DATASET CONTENT: Begin

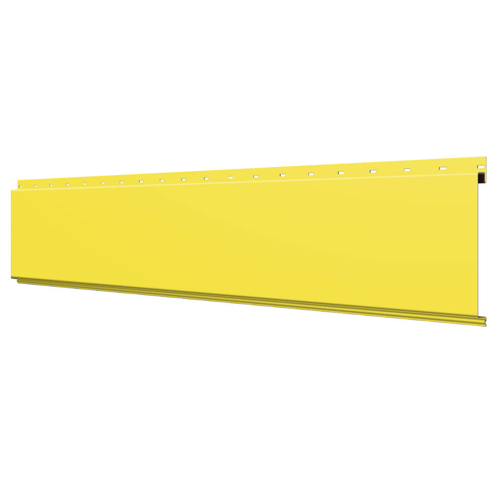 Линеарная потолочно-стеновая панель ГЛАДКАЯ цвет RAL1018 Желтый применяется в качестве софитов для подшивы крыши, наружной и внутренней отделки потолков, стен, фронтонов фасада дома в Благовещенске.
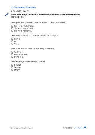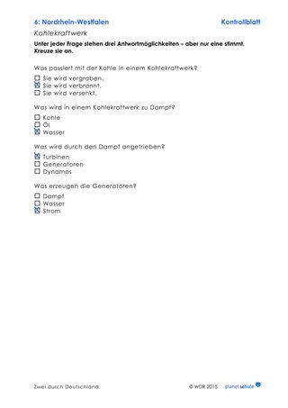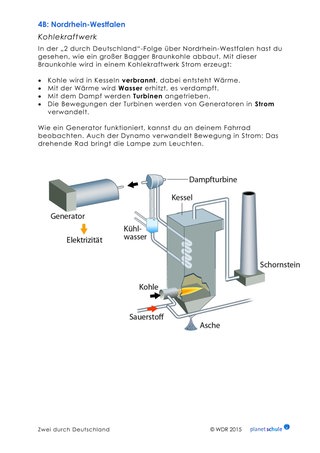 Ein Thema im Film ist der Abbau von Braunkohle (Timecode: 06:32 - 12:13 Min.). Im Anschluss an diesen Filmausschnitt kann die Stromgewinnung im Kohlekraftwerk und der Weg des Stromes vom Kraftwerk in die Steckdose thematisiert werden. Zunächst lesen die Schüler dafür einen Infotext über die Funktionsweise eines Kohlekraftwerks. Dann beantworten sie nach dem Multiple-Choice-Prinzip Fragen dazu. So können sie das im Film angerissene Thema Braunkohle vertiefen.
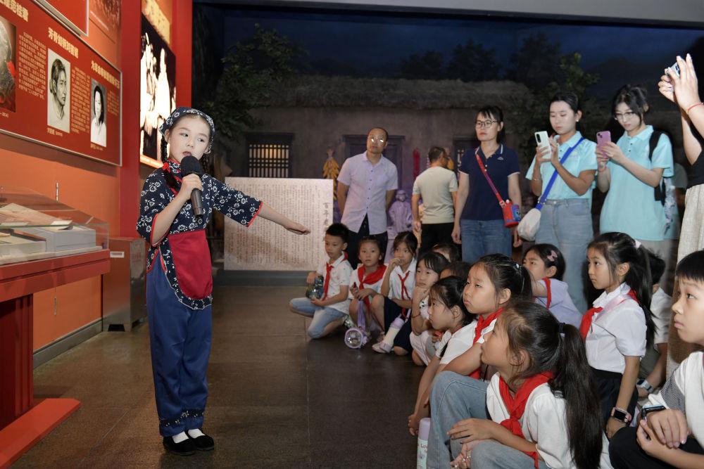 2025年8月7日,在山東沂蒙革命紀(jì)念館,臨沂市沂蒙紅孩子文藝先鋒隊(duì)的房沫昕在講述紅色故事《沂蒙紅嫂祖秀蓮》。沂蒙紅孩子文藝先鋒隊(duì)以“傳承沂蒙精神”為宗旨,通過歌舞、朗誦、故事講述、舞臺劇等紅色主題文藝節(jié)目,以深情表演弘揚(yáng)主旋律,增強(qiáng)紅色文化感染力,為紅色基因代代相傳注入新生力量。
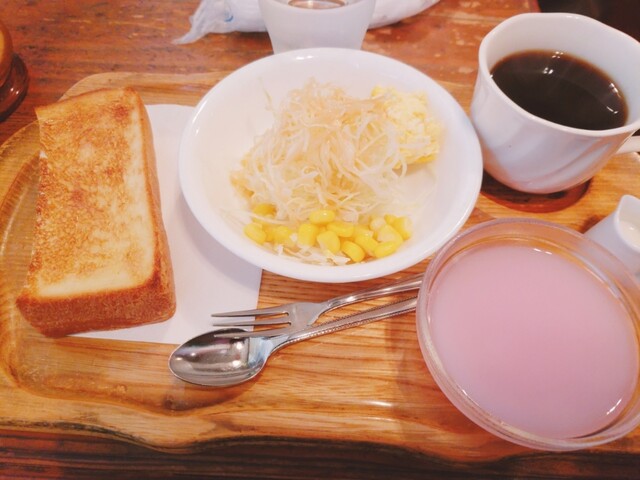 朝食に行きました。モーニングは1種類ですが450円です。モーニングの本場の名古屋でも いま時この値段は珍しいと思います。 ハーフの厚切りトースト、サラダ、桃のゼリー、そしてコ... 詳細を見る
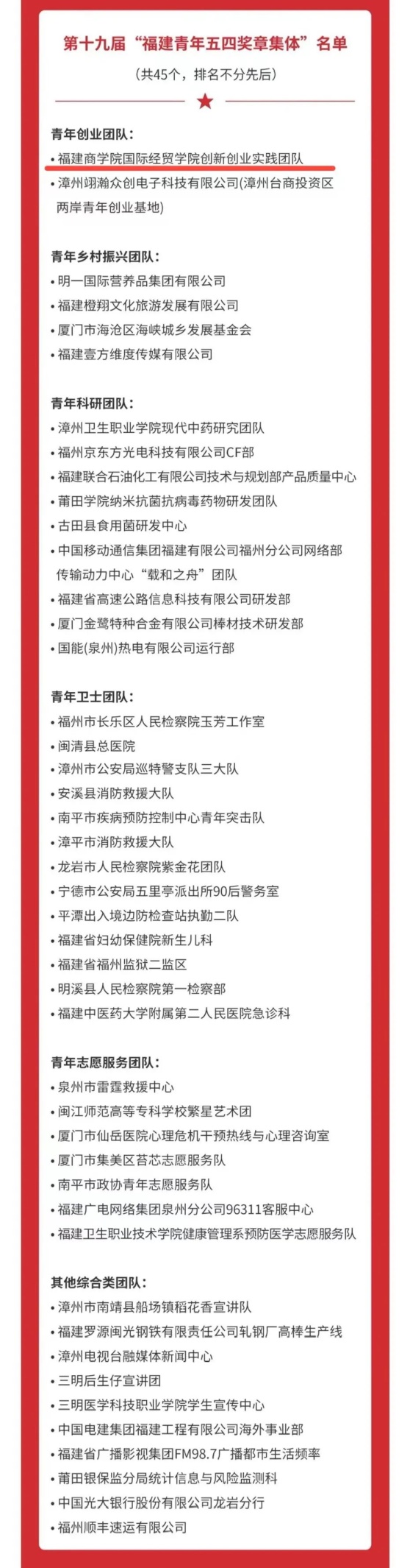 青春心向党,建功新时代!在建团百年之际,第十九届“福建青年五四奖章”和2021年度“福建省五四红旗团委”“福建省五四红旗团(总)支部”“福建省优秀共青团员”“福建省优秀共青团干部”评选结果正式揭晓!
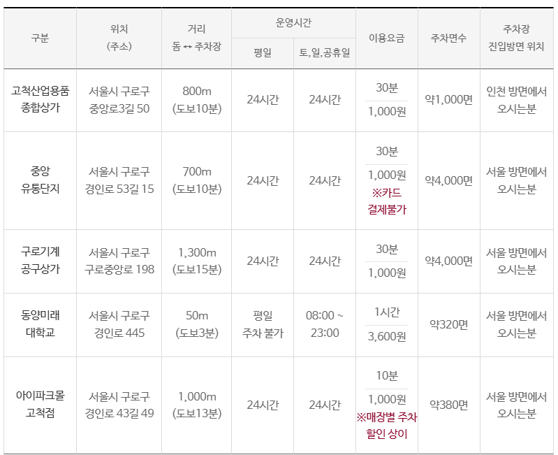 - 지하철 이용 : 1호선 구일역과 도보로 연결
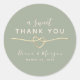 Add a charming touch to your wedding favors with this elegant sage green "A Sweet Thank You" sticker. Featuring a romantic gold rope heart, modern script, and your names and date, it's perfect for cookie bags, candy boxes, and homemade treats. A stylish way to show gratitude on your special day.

DATASET CONTENT: End

_EXERCISE REQUIREMENTS:_ Retype the records verbatim, excluding each image they hold.

_RESULT OF THE TASK:_
 Линеарная потолочно-стеновая панель ГЛАДКАЯ цвет RAL1018 Желтый применяется в качестве софитов для подшивы крыши, наружной и внутренней отделки потолков, стен, фронтонов фасада дома в Благовещенске.
 Ein Thema im Film ist der Abbau von Braunkohle (Timecode: 06:32 - 12:13 Min.). Im Anschluss an diesen Filmausschnitt kann die Stromgewinnung im Kohlekraftwerk und der Weg des Stromes vom Kraftwerk in die Steckdose thematisiert werden. Zunächst lesen die Schüler dafür einen Infotext über die Funktionsweise eines Kohlekraftwerks. Dann beantworten sie nach dem Multiple-Choice-Prinzip Fragen dazu. So können sie das im Film angerissene Thema Braunkohle vertiefen.
 2025年8月7日,在山東沂蒙革命紀(jì)念館,臨沂市沂蒙紅孩子文藝先鋒隊(duì)的房沫昕在講述紅色故事《沂蒙紅嫂祖秀蓮》。沂蒙紅孩子文藝先鋒隊(duì)以“傳承沂蒙精神”為宗旨,通過歌舞、朗誦、故事講述、舞臺劇等紅色主題文藝節(jié)目,以深情表演弘揚(yáng)主旋律,增強(qiáng)紅色文化感染力,為紅色基因代代相傳注入新生力量。
 朝食に行きました。モーニングは1種類ですが450円です。モーニングの本場の名古屋でも いま時この値段は珍しいと思います。 ハーフの厚切りトースト、サラダ、桃のゼリー、そしてコ... 詳細を見る
 青春心向党,建功新时代!在建团百年之际,第十九届“福建青年五四奖章”和2021年度“福建省五四红旗团委”“福建省五四红旗团(总)支部”“福建省优秀共青团员”“福建省优秀共青团干部”评选结果正式揭晓!
 - 지하철 이용 : 1호선 구일역과 도보로 연결
 Add a charming touch to your wedding favors with this elegant sage green "A Sweet Thank You" sticker. Featuring a romantic gold rope heart, modern script, and your names and date, it's perfect for cookie bags, candy boxes, and homemade treats. A stylish way to show gratitude on your special day.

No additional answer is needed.